3. Adopt a Product Mindset
You can avoid the considerable risk of disruption and uncertainty during your application modernization program by focusing on continuous modernization, customer centricity, outcome orientation, and built-in analytics: the foundations of any successful digital implementation. Embrace a process that implements waves of migration and incremental updates of legacy systems into efficient microservices. Open up to your customers and users as you prototype and validate. Their feedback can help inspire innovative ideas and drive a smoother implementation.

4.  Create New Operating Models
Very often, monolithic legacy applications are maintained with legacy software development practices and processes that are increasingly inefficient and unsustainable. The good news is that continuous delivery, telemetry, error budget, post-mortem analysis, and many other techniques will lead to a new level of reliability. Revise your operating models and deploy new tools, practices, and cultures to operate applications in your new cloud-native environment:

Decoupled architecture—a software architecture practice where services, components, and layers perform and execute tasks independently from each other, allowing specialization, flexibility, and fewer risks to the ecosystem.
DevOps—practices to shorten the application development lifecycle, providing continuous delivery of high-quality software.
DevSecOps—moving security considerations “to the left” in software development so that it is integral to the process and a built-in capability of applications.
Test automation—testing the software code and functionalities with a high level of automation and minimal human involvement, and ensuring a minimal risk of impacting other applications when adding in or working on any one application. 

All these models help you avoid waiting to release new functionality or digital experiences just because other projects that prohibit controlled testing of each feature are still in the works.

5.  Inspire People, Recruit Better, and Change the Culture
Change can be tough, but your application modernization program will require new skills, processes, and attitudes. Ensuring proper change management, closing knowledge gaps, and providing assurances for your teams are all essential to succeeding with your new digital capabilities. IT workers certainly won’t be motivated to help with a digital modernization initiative if they believe that the result may be unemployment. You must look for ways to create excitement, rather than fear, around the initiative.

It's also clear that when it comes to technology recruitment, you’ll be far more successful in finding eager and motivated candidates if you’re offering them a chance to work at the cutting edge rather than spend their time on unexciting and potentially obsolete legacy systems that will do nothing to position them for success in the future.

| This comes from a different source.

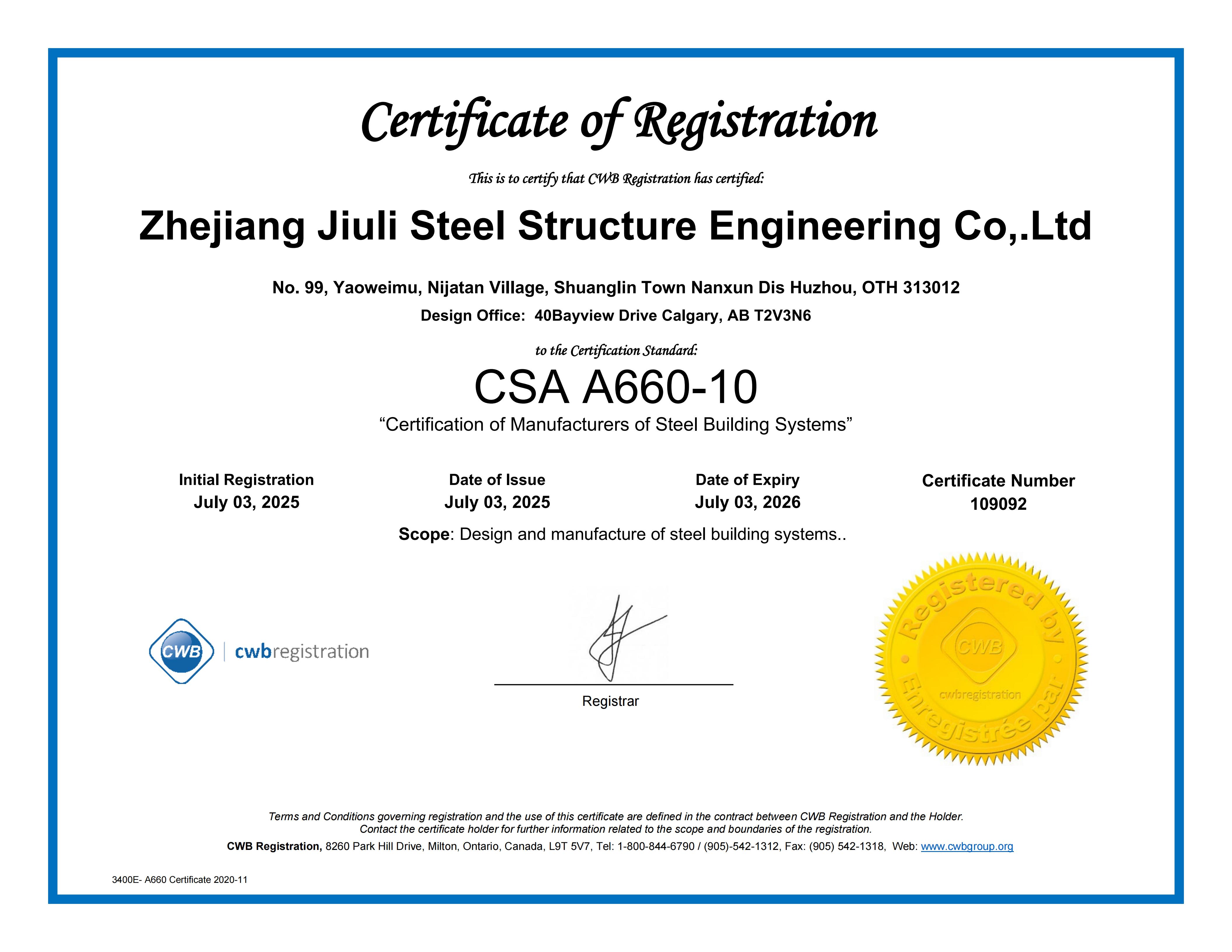 Zhejiang Jiuli Steel Structure Engineering Co., Ltd., founded in February 2001, is based in Huzhou City, the core area of the booming economy of the Yangtze River Delta in China. As a wholly-owned subsidiary of Jiuli Group, our company has not only been awarded honors such as Contract-abiding and Credit-worthy Unit, High-tech Enterprise, and AAA Credit Enterprise in Huzhou City but also holds important memberships in the China Steel Structure Association and the Steel Structure Branch of the Zhejiang Construction Industry Association, demonstrating our authoritative position and outstanding influence in the industry.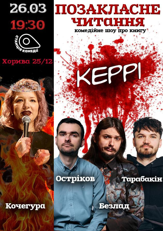 Запрошуємо на іронічний літературний розбір «Керрі» Стівена Кінга — з дорослими жартами, темним гумором і чесною розмовою про підліткову жорстокість, самотність і той момент, коли «тихенька дівчинка» перестає терпіти.

Innovation Keeps You Competitive


Although a complete application modernization initiative across a large organization may be a multi-million-dollar, multi-year effort that ultimately touches every part of the business, you shouldn’t feel daunted or afraid to start addressing your most pressing business issues. A well-considered proactive application modernization program implemented over time will deliver the speed, flexibility, and frictionless operations you need to succeed. Your competitors may already know this. Now you do, too.